╭──
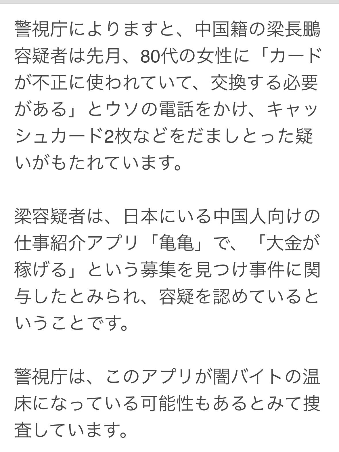 32岁中国人梁某,给80多岁日本女人打诈骗电话,谎称银行卡被人盗用必须更换,骗走了两张银行卡。 事件的线索来自声称能赚大钱,为在日中国人介绍工作的软件"龟龟",警察顺藤摸瓜找到了梁某。 真有大钱可赚,还用得着上网募集!能赚大钱的工作也许只有诈骗……
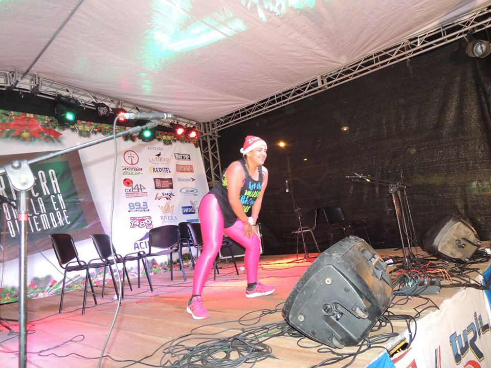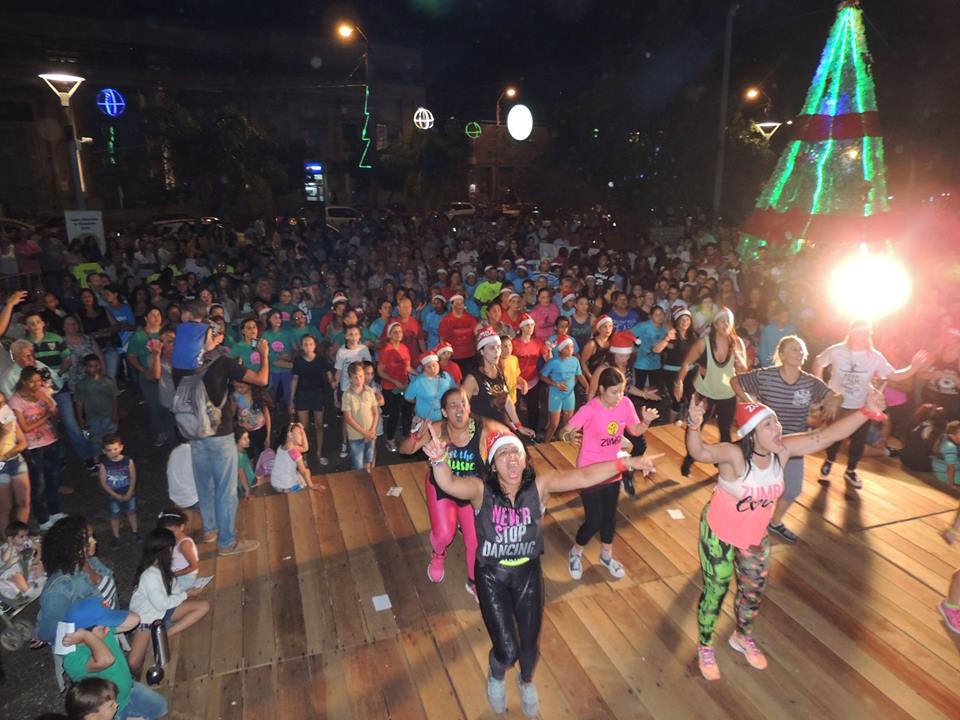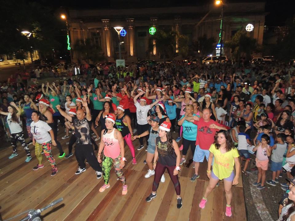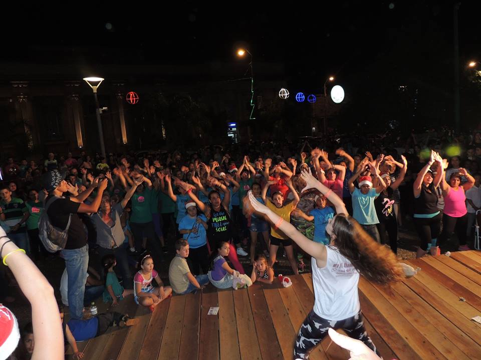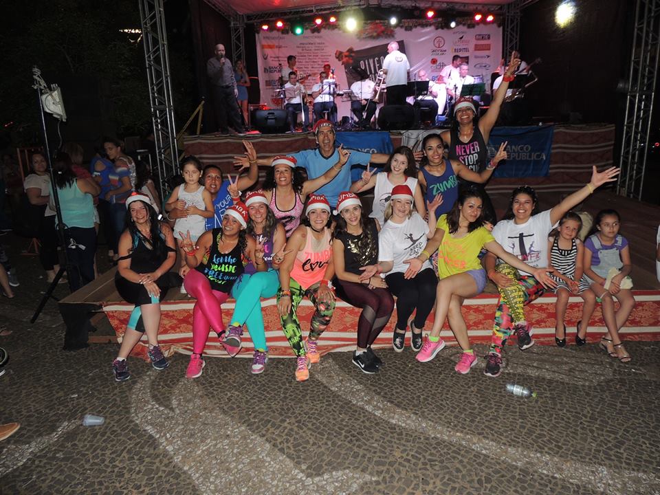 El pasado 14 de diciembre, en el marco de Rivera Brilla, profesores de la División Deportes, en conjunto con la Coordinación de Centros Barriales (IDR) e instructores de Fitness privados, organizaron una gran movida en Plaza Artigas.
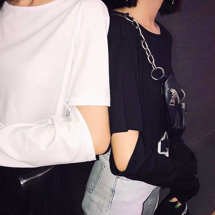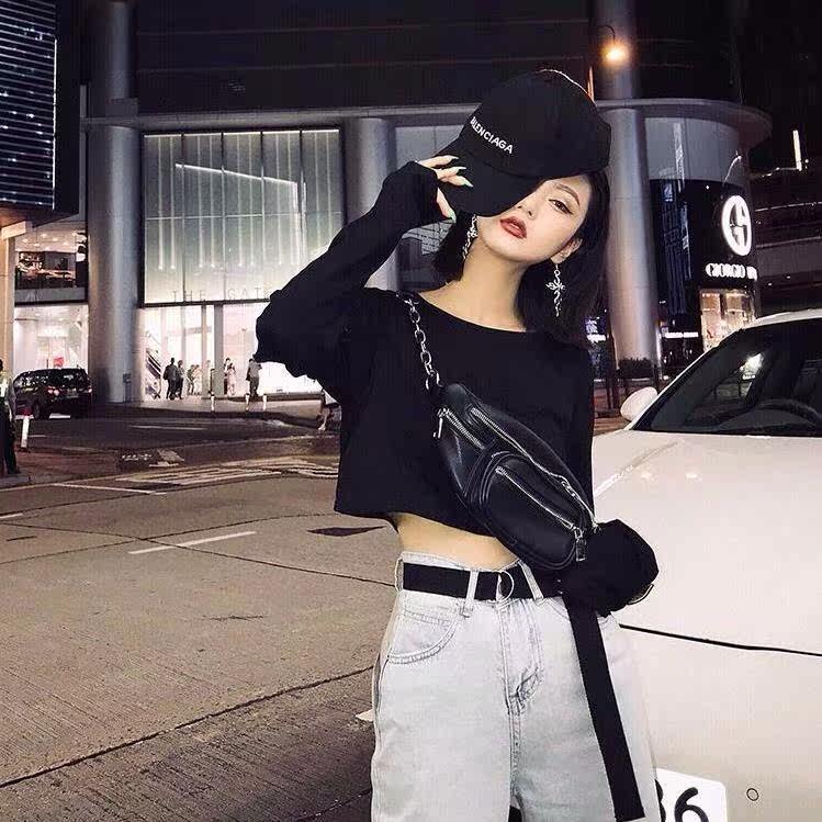 New Korean style fashion all-match short section navel button detachable sleeves short-sleeved T-shirt top women's long-sleeved autumn ins
╰──
**Requirement:** The needed output is the lines from the one with "El pasado 14" through the end of the listing, written out exactly, both ends included, pictures excluded.

**Reply to the task:**
 El pasado 14 de diciembre, en el marco de Rivera Brilla, profesores de la División Deportes, en conjunto con la Coordinación de Centros Barriales (IDR) e instructores de Fitness privados, organizaron una gran movida en Plaza Artigas.
 New Korean style fashion all-match short section navel button detachable sleeves short-sleeved T-shirt top women's long-sleeved autumn ins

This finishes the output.